Au départ, les Enfers c’est un lieu unique, pour tous, comme un monde lugubre semblable à une grande caverne souterraine. L’Homme, qui provient de la poussière, y retourne à la poussière.
Puis, après Platon et certaines religions de salut comme l’orphisme, on a distingué les âmes méritantes des âmes pénitentes.

Les Enfers, c’est alors le royaume des morts de la mythologie grecque dans lequel règne le dieu Hadès (ou Pluton pour les romains). Son simple nom peut faire peur, car c’est une divinité implacable et inflexible, mais qui n’a rien de monstrueux.

Toutes les âmes des défunts vont toujours aux Enfers, mais les Enfers comprennent maintenant différents lieux où vont être dirigés les morts en fonction de leur vie terrestre et du jugement des dieux. Dans les Enfers, on trouve l’Erèbe qui est le lieu le plus proche de la surface de la Terre. C’est là où on va lorsqu’on dort.
Il y a aussi le Champ des Asphodèles qui accueille les âmes qui n’ont rien fait de mal mais rien fait de bien non plus. Ces âmes « neutres » mènent une existence vide et fade où elles patientent pendant l’éternité.
On y trouve aussi les Champs-Élysées où vont les âmes des justes et enfin le Tartare où vont celles des méchants. On y enferme les grands criminels qui subissent les pires tortures.
Du coup, ce serait plutôt le tartare qui équivaudrait à notre enfer chrétien ?
En quelque sorte, mais il y a tout de même de sérieuses différences comme, par exemple, concernant celui qui est censé régner sur ce lieu. Dans le Ciel et l’Enfer, Allan Kardec écrit :
« Comme les païens, les chrétiens ont leur roi des enfers, qui est Satan, avec cette différence que Pluton se bornait à gouverner le sombre empire qui lui était échu en partage, mais il n’était pas méchant ; il retenait chez lui ceux qui avaient fait le mal, parce que c’était sa mission, mais il ne cherchait point à induire les
hommes au mal pour se donner le plaisir de les faire souffrir ; tandis que Satan recrute partout des victimes qu’il se plaît à faire tourmenter par ses légions de démons armés de fourches pour les secouer dans le feu. »

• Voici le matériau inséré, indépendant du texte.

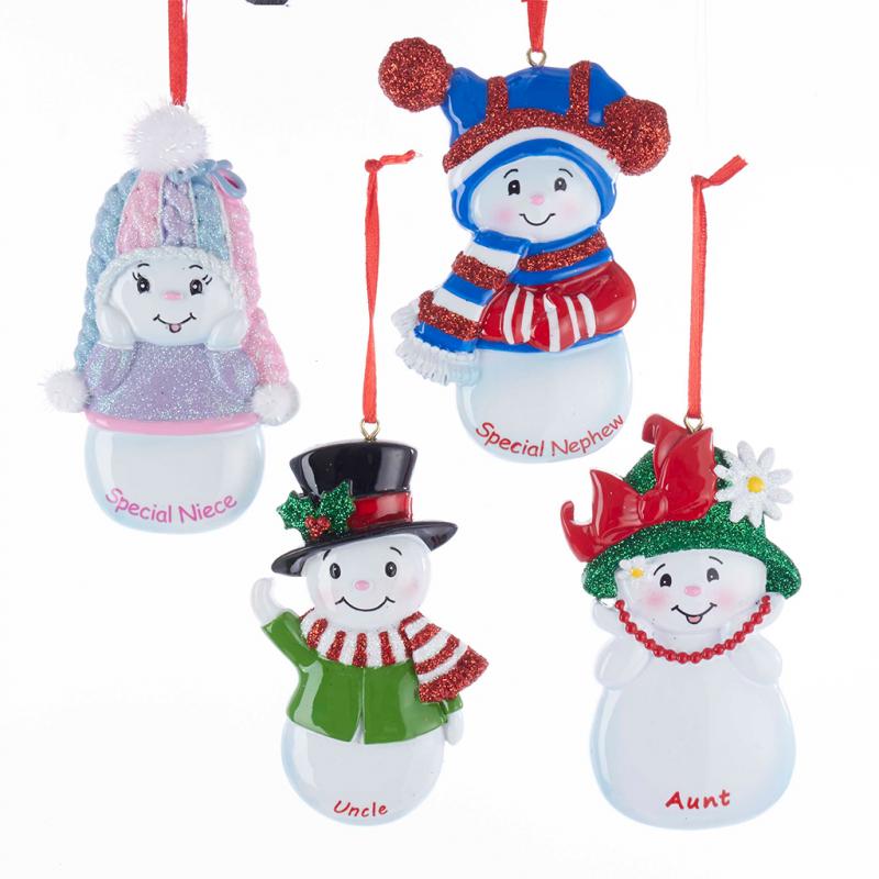 | These Snowfamily "Special Niece, Special Nephew, Uncle, and Anut ornament for personalization from Kurt Adler is a heart-warming addition to your holiday collection. |
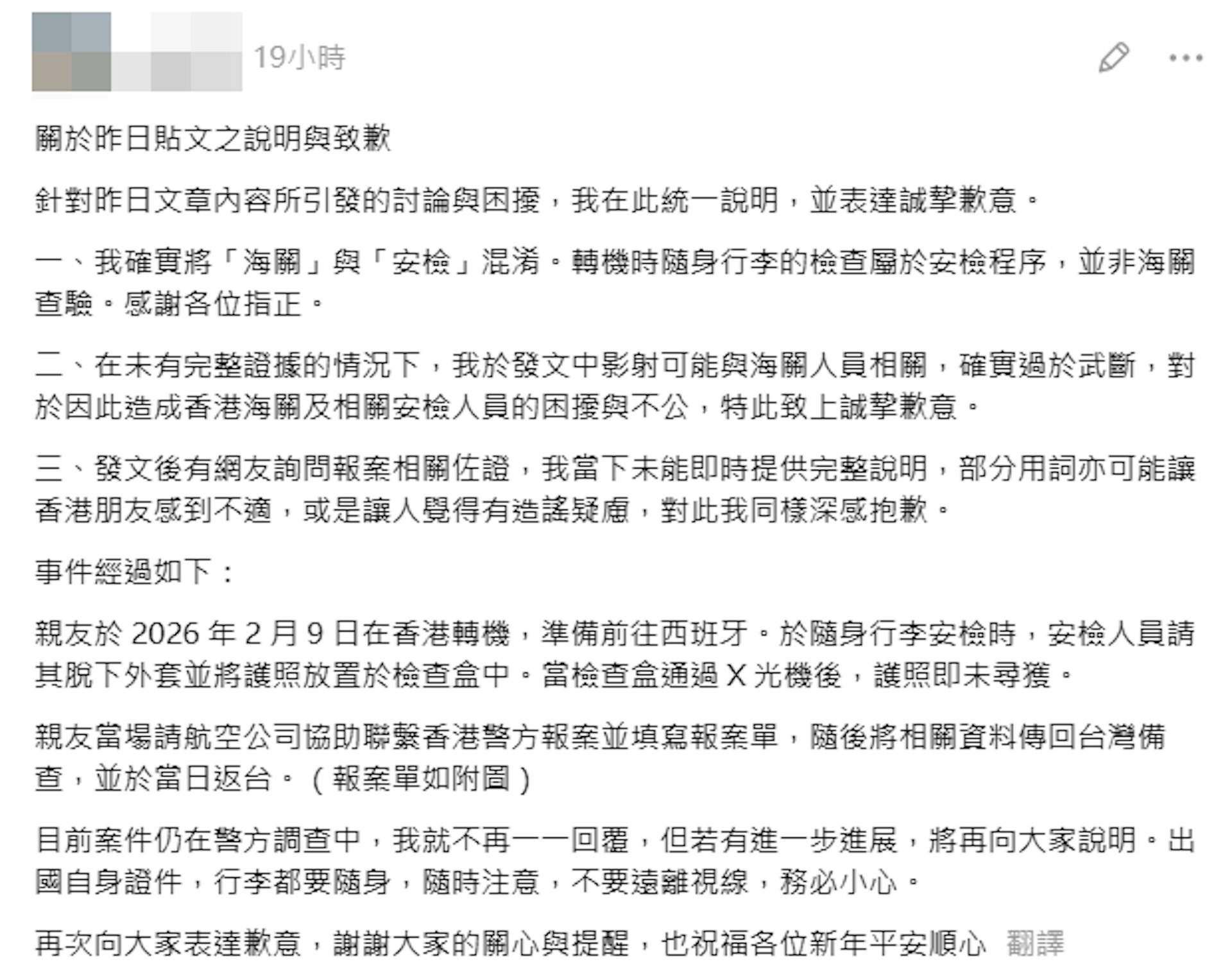 她並再次說明事件經過:「親友於2026年2月9日在香港轉機,準備前往西班牙。於隨身行李安檢時,安檢人員請其脫下外套並將護照放置於檢查盒中。當檢查盒通過X光機後,護照即未尋獲。親友當場請航空公司協助聯繫香港警方報案並填寫報案單,隨後將相關資料傳回台灣備查,並於當日返台......目前案件仍在警方調查中,我就不再一一回覆。」
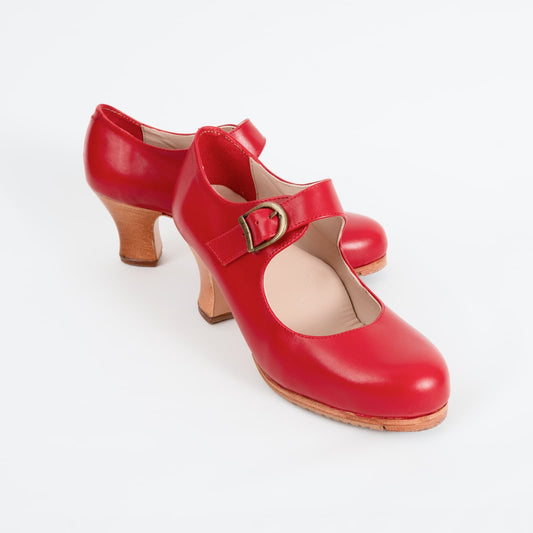 Professional Flamenco Dance Shoes "La Lupi" model in Red leather and “carrete” heel.
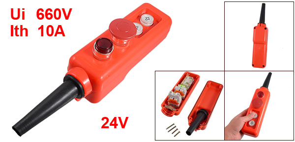 Hoist Red Lamp Mushroom Up Down Push Button Switch Pendant Control Station 24V
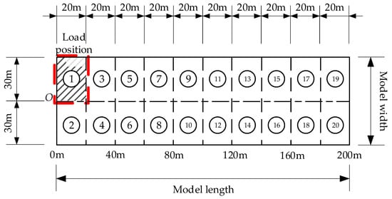 Following the application of loads to the model for numerical analysis, the relative convergence deformation at both sidewalls of the tunnel structure was extracted as the output variable, with a spatial sampling interval of 20 m. To verify the reliability of inverting cross-sectional convergence using tilt sensors, both the tilt angles at convergence measurement points and the actual convergence deformation at the neutral axis were obtained. The comparative results indicated only minor discrepancies between the two datasets. The longitudinal strain values on both sides of the lining at the convergence monitoring sections were extracted as input variables, with a high spatial resolution of 0.2 m. For each convergence cross-section, strain data from 10 adjacent sections (both upstream and downstream) were incorporated. To simulate the inhomogeneous geological conditions that are typical of mountain tunnels, a uniform load of 30 t/m2 was applied to various regions on the top surface of the model. This approach replicated static structural deformations under 20 distinct surrounding rock scenarios, in addition to the inherent self-weight loading. The applied loading configurations are presented in Figure 7. Strain and convergence data points from a total of 180 cross-sections were compiled for analysis. The dataset was randomly partitioned, with 80% assigned for training and the remaining 20% reserved for testing.
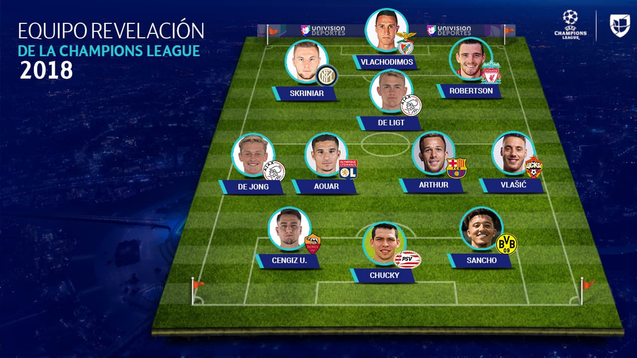 Se trata de jóvenes promesas menores de 23 años que deslumbraron con sus actuaciones en la fase grupal. Junto a Chucky, están Arthur del Barcelona y Frenkie de Jong del Ajax.

Mais et chez les Egyptiens alors ? Nous avons tous en mémoire nos cours d’histoire avec cette plume sur une balance lors di jugement des morts. On distinguait donc bien déjà les bons des mauvais ?
Oui, tu veux parler de la psychostasie, ou de la pesée de l’âme qu’on retrouve dans de nombreuses cultures.

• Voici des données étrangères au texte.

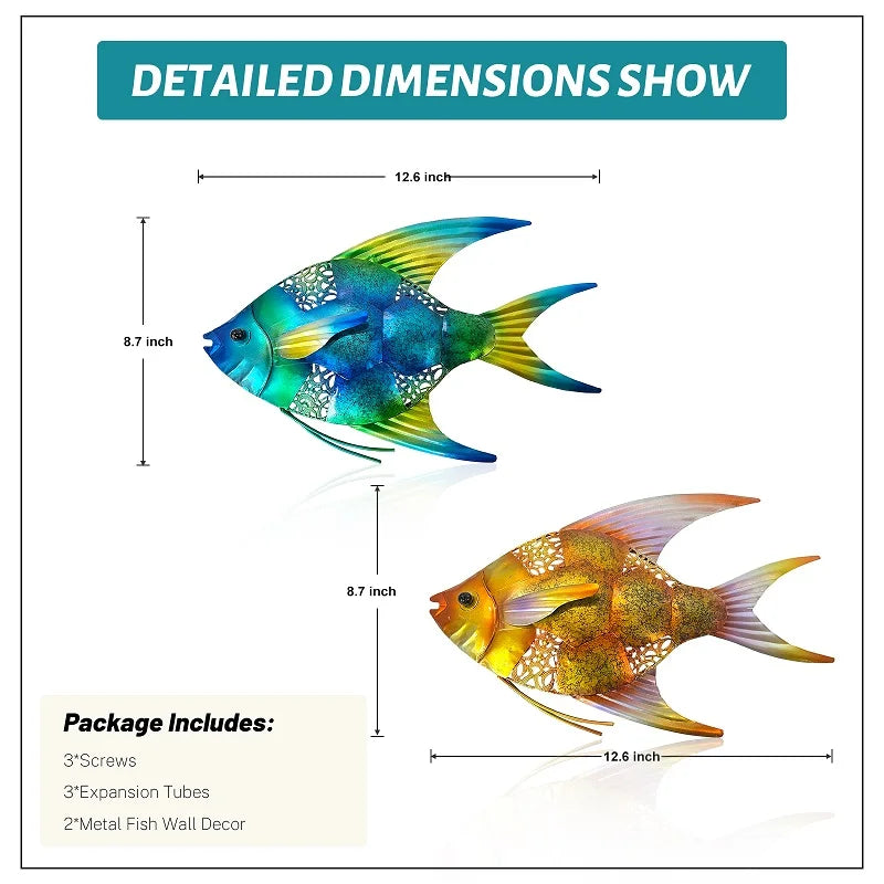 - Coastal-Inspired Design: Features two intricately crafted metal fish sculptures, bringing a nautical, beach-themed aesthetic to enhance indoor or outdoor spaces.

Dans l’Égypte antique, après un périlleux voyage, le défunt se présente devant Osiris, dans la salle du jugement. Annubis s’occupe de peser l’âme.
Si elle est plus légère que la plume de Maât (la déesse qui personnifie la droiture et l’équilibre), le défunt est considéré juste et peut donc prétendre à une vie éternelle. Dans le cas contraire, si l’âme est alourdie par trop de péchés, elle est immédiatement dévorée par Ammout ce qui lui interdit ainsi, à jamais, l’accès aux champs d’Ialou, le paradis des Égyptiens.

Dans certaines versions, Ammout se tient devant un lac de feu dans lequel elle plonge le cœur du mort après le refus de sa justification. C’est le seul lien qu’on puisse véritablement faire avec notre « enfer chrétien ».

 


 

Bibliographie

Léon Denis dans Christianisme et Spiritisme.